What are some important things about your field that you didn’t learn until after medical school?

I actually didn’t choose vascular surgery in medical school. I started with a five-year residency in general surgery, and during my different rotations decided to pursue a fellowship in vascular surgery. As in most medical professions, the learning process is constant and ongoing. Procedures are continually being developed and refined. Deciding which patients will benefit, and which ones won’t from operative interventions is also critical.

 

What are some recent advances in the treatment of varicose veins?

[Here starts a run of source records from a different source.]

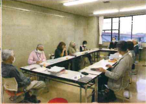
月に一度のコーディネーター会議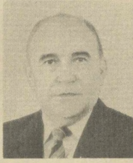
Л. Н. ТОЛКУНОВ, Председатель Совета Верховного Совета СССР.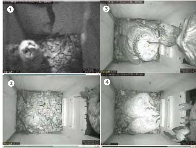
給餌の様子 (①ヤモリ ②アカネズミ ③ヒヨドリ ④ツバメ)

ヒナの孵化後しばらくはメスが巣箱内にとどまり、ヒナの世話をしますが、ヒナが体温調節できるようになると、メスも外に出て餌を探すようになります。抱卵を確認してから約2ヶ月後の5月19日に2羽とも無事巣立ちました。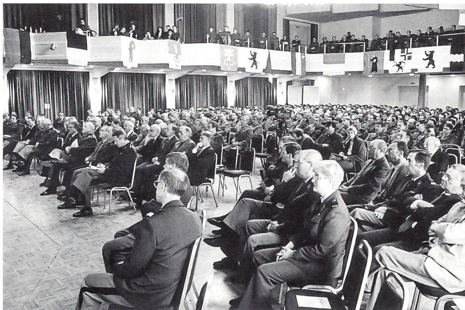
Das Kader der Luftwaffe und die Gäste versammelten sich im Leuchtersaal des Kursaals Bern.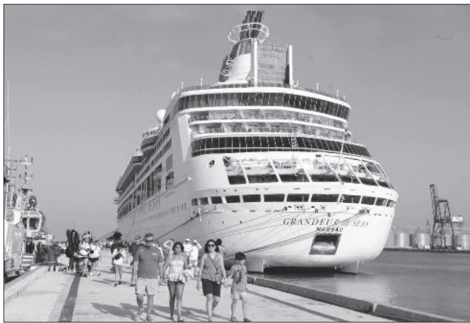
▲ Procedente de Tampa, Florida, la embarcación Grandeur of the Seas arribó en puerto Progreso a las 6:53 horas y tras bajar sus paseantes a conocer lo que la entidad y su gente ofrecen, continuará su itinerario de cinco días y se dirigirá hacia Cozumel, Quintana Roo.

En la bienvenida, se realizó el intercambio de placas conmemorativas por este primer arribo entre representantes de la nave y del gobierno de Yucatán, así como con autoridades del puerto de Progreso.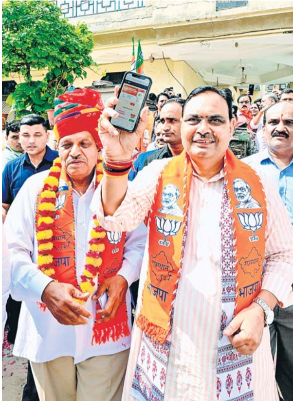
मु.मंत्री भजनलाल शर्मा ने मंगलवार को पुनः भाजपा की सदस्यता ग्रहण की। इसी के साथ ही प्रदेश में भाजपा के सदस्यता अभियान का आगाज हो गया।

जयपुर, 3 सितंबर (का.सं.) भाजपा के प्रदेश अध्यक्ष मदन राठौड़ ने भाजपा प्रदेश कार्यालय में मुख्यमंत्री भजनलाल शर्मा, उप मुख्यमंत्री दीपा कुमारी और डॉ प्रेमचंद बैरवा को पार्टी का सदस्य बनाकर प्रदेश में सदस्यता अभियान का आगाज किया। सदस्यता अभियान कार्यक्रम में भाजपा प्रदेश अध्यक्ष मदन राठौड़ ने कार्यकर्ताओं से अधिक से अधिक सदस्य जोड़ने का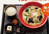
コク旨味噌スープの豚茶麺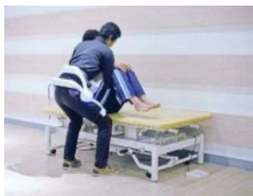
介護ロボット(移乗介助:装着型)のイメージ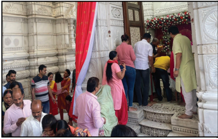
सूरत भूमि, सूरत।

श्री श्याम सेवा ट्रस्ट द्वारा महाशिवरात्रि उत्सव का आयोजन शनिवार को वीआईपी रोड, वेसु स्थित श्री श्याम मंदिर प्रांगण में किया गया। इस अवसर पर भगवन भोले का आलौकिक श्रृंगार किया गया। महाशिवरात्रि के उपलक्ष्य में मंदिर प्रांगण में विशाल भजन संध्या का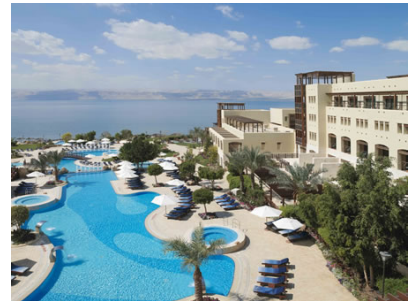
死海 Dead Sea Marriott Hotel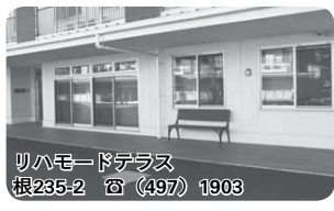
リハホームトデラス 根235-2 ☎(497) 1903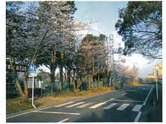
千里ヶ丘自然公園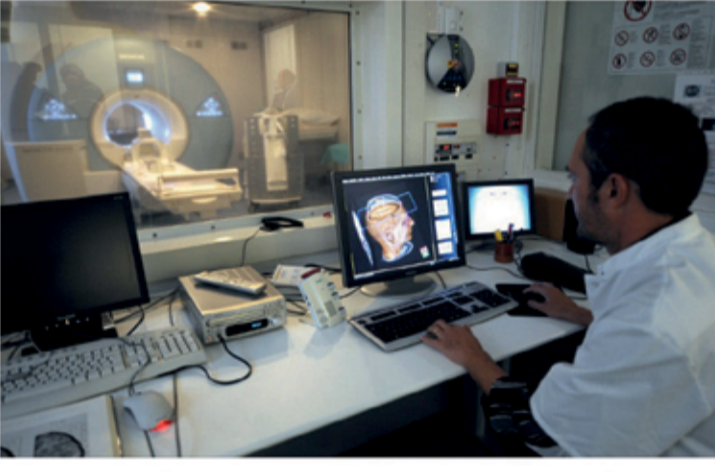
قيد الحياة بفشل الأوكسجين والجلكوز فقط، ولا تستغرق الدماغ سوى ثلاث إلى خمس دقائق ليغني عن ضرر لا رجعة فيه حين يحرم من الأوكسجين والجلكوز. وتطرقت الموقع، سادساً، إلى أن هناك أشخاصاً يمكنهم سماع الألوان أو شم الكلمات وهو ما يسمى "التصاحب الحسي" الذي تم اكتشافه للمرة الأولى في القرن 19، حيث أن هذا الخلط بين الحواس يعد حالة إدراكية. وعلى الرغم من أن "التصاحب الحسي" قد يكون سيءة صدمة دماغية، إلا أن العديد من الأشخاص يظهرون أعراض هذه الحالة منذ سن مبكرة. وأورد الموقع أن الحقيقة السابعة تتمثل في أن الأمر لا يستغرق سوى 20

ثانية كي تلقى في أحدهم، حيث يقول العلم إنه إذا ما تقبلت شخصاً ما لمدة 20 ثانية، فسبحان ذلك شعوراً بالثقة. وعندما تشعر بالأمان، يطلق جسمك هرمون "الأوكسيتوسين" وهو الهرمون ذاته الذي يتم إطلاقه عندما تعانق أحدهم. أما الحقيقة الثامنة فهي أن المال يمكنه شراء السعادة. في الواقع، عندما تنفق المال على غيرك لجعلهم سعداء، فذلك يؤثر على تقديرك لذاتك على نحو إيجابي. وستبدأ برؤية نفسك كشخص أكثر أهمية وكل ذلك يجعلك سعيداً. وأفاد الموقع، أن الأوعية الدموية في دماغك تمتد على حوالي 120 ألف ميل، وهو طول يعادل منتصف الطريق إلى القمر، وتتمثل الحقيقة العاشرة في أن فترة الانتباه لديك لا تتجاوز 4 دقائق وهي أقصر مما كانت عليه قبل 15 سنة، وهو ما يعني أننا عاجزون عن التركيز على أمر واحد لأكثر من 8 ثواني في كل مرة، في المتوسط. وأصبح الموقع أن الاكتئاب يعد أكثر انتشاراً في صفوف الشباب، حيث أن دراسة حديثة كشفت عن أن أكثر الأشخاص تعاسة في العالم تقل أعمارهم عن 30 سنة. ويعتبر الرجال والنساء الذين تتراوح أعمارهم بين 18 و30 سنة هم أكثر عرضة للقلق والتوتر. وفي الختام، بين الموقع أن العلم الواعي أو الصالح يعتبر حقيقياً حيث أنه في هذا النوع من الحلام يمكن للشخص التحكم في نتيجة أحلامه.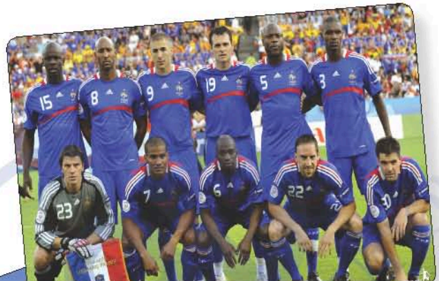
Les bleus : l'équipe nationale de France de football ou de rugby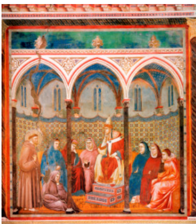
La predica davanti a Onorio III

Some recent advances in varicose veins involve treatment of veins with dysfunctional valves, called venous reflux. Sometimes when the valves are not closing fully, or slowly, pressure can build up in the veins in the legs and lead to symptoms such as swelling, heaviness, throbbing, burning or itching. It can result in varicose veins. Just having varicose veins does not mean you have venous reflux. Different modalities have been developed to “close down” superficial veins with dysfunctional valves such as using a laser, radio waves, or even injecting glue. While not yet available, different types of replacement valves are being developed to treat deep vein reflux.

 

How can you treat aneurysms without major invasive surgery?

Aneurysms, enlargements of an artery (blood vessel), can be treated without any major incisions. The principle is to place a covered stent, or tube, inside the artery to depressurize the aneurysm and prevent rupture. Most of these stent grafts can be delivered percutaneously, or through needle access through an artery in the groin. Depending on which artery is involved, some are done as outpatients, or have one overnight stay in the hospital.

 

When it comes to your work, what might surprise your patients?

I think that the amount of training that is necessary might be surprising to some people. Following college, I worked for several years as an electrical engineer with IBM and then went to medical school, which is four years, then five years of general surgery, a year of research, and then two years of vascular surgery. In total, this was 12 years of training.